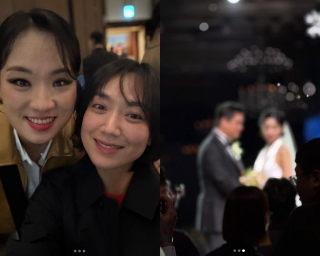[OSEN=박하영기자]개그우먼이은형이이장우,조혜원결혼식에참석한가운데정지선셰프와만나인증샷을남겼다.23일이은형은자신의계정에“정지선셰프님과사진찌금!!!!뿌엥진짜진짜멋있어!!!”라며정지선셰프와다정히찍은셀카를공개했다.사진속두사람은이장우와조혜원결혼식에참석해만난모습이담겼다.두사람은카메라를향해환하게웃으며다정한포즈를취했다.또이은형은결혼식내부를찍거나,결혼식을올린이장우와조혜원의모습을흐릿하게찍으며“예쁘게사랑스러웠던결혼식”이라고축하의메시지를전했다.이는비공개결혼식인만큼지켜주고했던것으로보인다.이에남편강재준은"누가봐도장우잖아"라고반응해웃음을자아냈다.정지선역시이장우와함께찍은사진을올리며“결혼축하해요”라고전하기도했다.한편,이장우와조혜원은8년열애끝에비공개결혼식을올렸다.이날결혼식에는‘나혼산’멤버총출동했으며,이외에도윤시윤,황신혜등배우들도참석해눈길을끌었다./mint1023/@osen.co.kr[사진]‘이은형’Copyright©OSEN.무단전재및재배포금지.
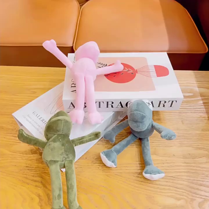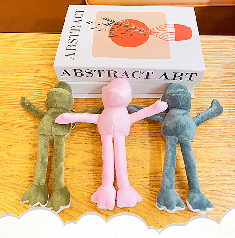 plush pink frog with long legs
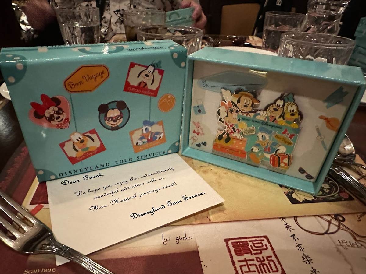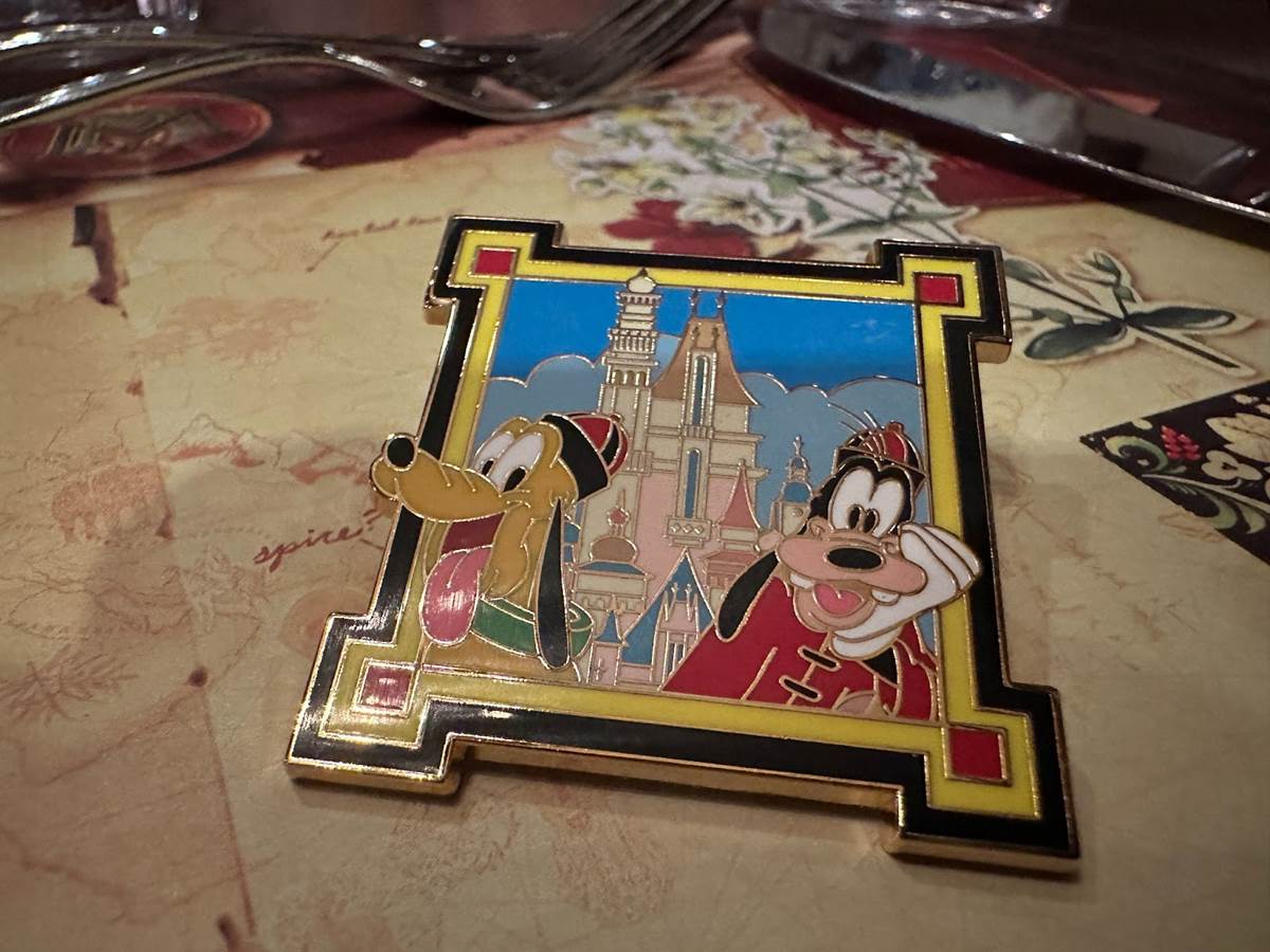 Tim had the honor of bestowing upon us our pin of the day, featuring Goofy and Pluto in their Chinese outfits in front of the Castle of Magical Dreams. Two more special guests joined the dinner, Goofy and Donald in their Mystic Point outfits.
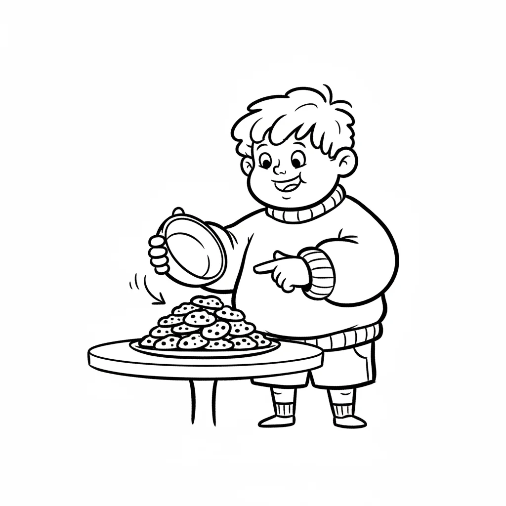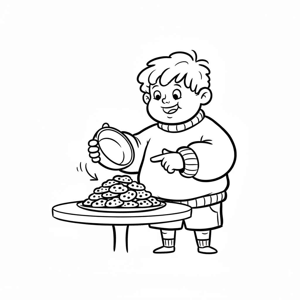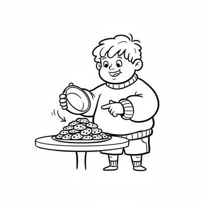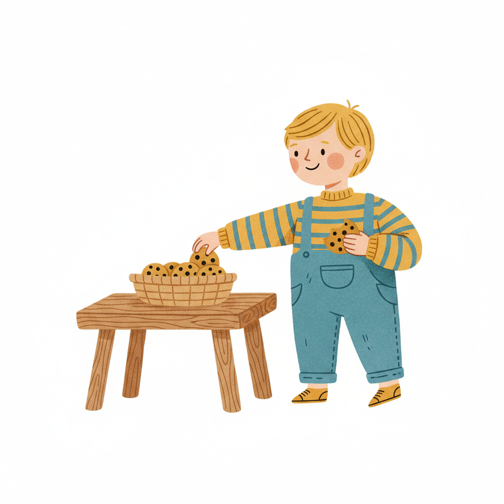 Ein lächelnder Cartoon-Junge nimmt Kekse aus einem Korb auf einem Holztisch.
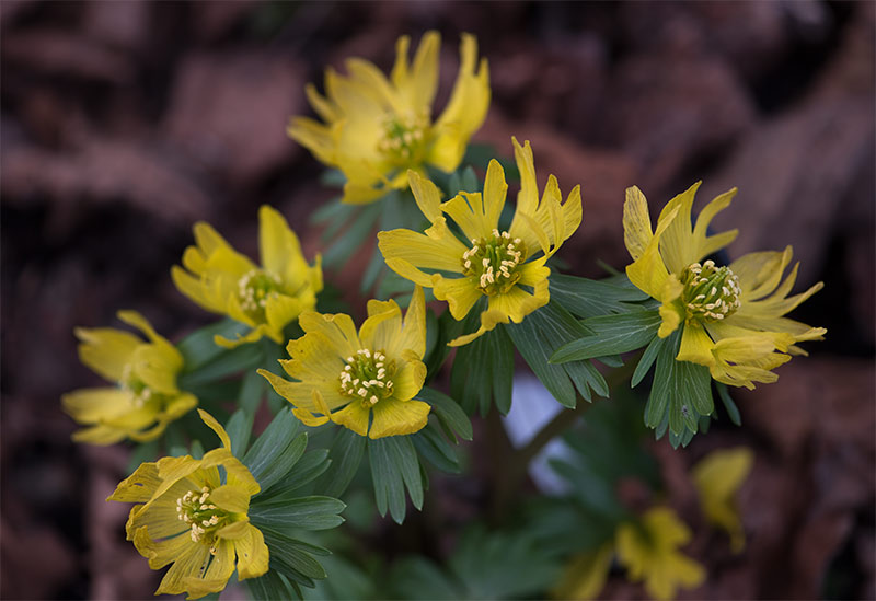 Vor ein oder zwei Jahren hatte ich in einem Anfall von Übermut eine Handvoll Eranthissamen ins große, sonnige Beet gestreut. Gestern fielen mir beim Großputz eine Anzahl kleiner grüner Halskrausen auf :).
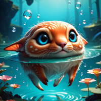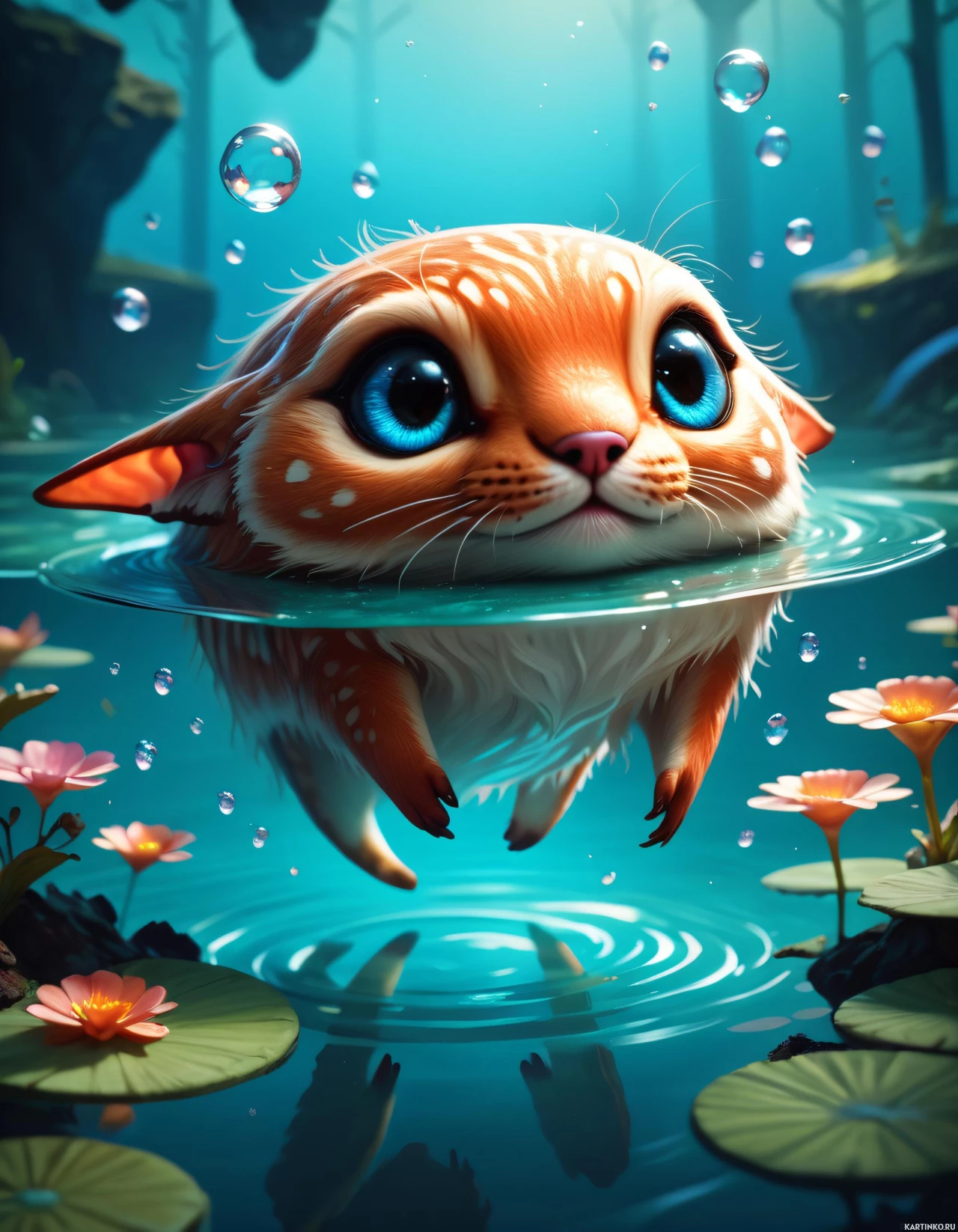 На картинке – небольшое животное, похожее на кошку с окрасом, характерным для лисиц. Кошка плывет в воде и спокойно смотрит вверх. Вода покрыта пузырьками и освещена, кажется, подводным источником света, создающим мягкое сияние на поверхности. Вокруг воды – камни, напоминающие грибы своей формой. На переднем плане плавают цветы. На заднем плане видны деревья, окутанные дымкой, что придает картине таинственную атмосферу.

> **Problem description**
Pictures stay out; everything else in the listing above is to be repeated exactly.

> **Task output**
[OSEN=박하영기자]개그우먼이은형이이장우,조혜원결혼식에참석한가운데정지선셰프와만나인증샷을남겼다.23일이은형은자신의계정에“정지선셰프님과사진찌금!!!!뿌엥진짜진짜멋있어!!!”라며정지선셰프와다정히찍은셀카를공개했다.사진속두사람은이장우와조혜원결혼식에참석해만난모습이담겼다.두사람은카메라를향해환하게웃으며다정한포즈를취했다.또이은형은결혼식내부를찍거나,결혼식을올린이장우와조혜원의모습을흐릿하게찍으며“예쁘게사랑스러웠던결혼식”이라고축하의메시지를전했다.이는비공개결혼식인만큼지켜주고했던것으로보인다.이에남편강재준은"누가봐도장우잖아"라고반응해웃음을자아냈다.정지선역시이장우와함께찍은사진을올리며“결혼축하해요”라고전하기도했다.한편,이장우와조혜원은8년열애끝에비공개결혼식을올렸다.이날결혼식에는‘나혼산’멤버총출동했으며,이외에도윤시윤,황신혜등배우들도참석해눈길을끌었다./mint1023/@osen.co.kr[사진]‘이은형’Copyright©OSEN.무단전재및재배포금지.
 plush pink frog with long legs
 Tim had the honor of bestowing upon us our pin of the day, featuring Goofy and Pluto in their Chinese outfits in front of the Castle of Magical Dreams. Two more special guests joined the dinner, Goofy and Donald in their Mystic Point outfits.
 Ein lächelnder Cartoon-Junge nimmt Kekse aus einem Korb auf einem Holztisch.
 Vor ein oder zwei Jahren hatte ich in einem Anfall von Übermut eine Handvoll Eranthissamen ins große, sonnige Beet gestreut. Gestern fielen mir beim Großputz eine Anzahl kleiner grüner Halskrausen auf :).
 На картинке – небольшое животное, похожее на кошку с окрасом, характерным для лисиц. Кошка плывет в воде и спокойно смотрит вверх. Вода покрыта пузырьками и освещена, кажется, подводным источником света, создающим мягкое сияние на поверхности. Вокруг воды – камни, напоминающие грибы своей формой. На переднем плане плавают цветы. На заднем плане видны деревья, окутанные дымкой, что придает картине таинственную атмосферу.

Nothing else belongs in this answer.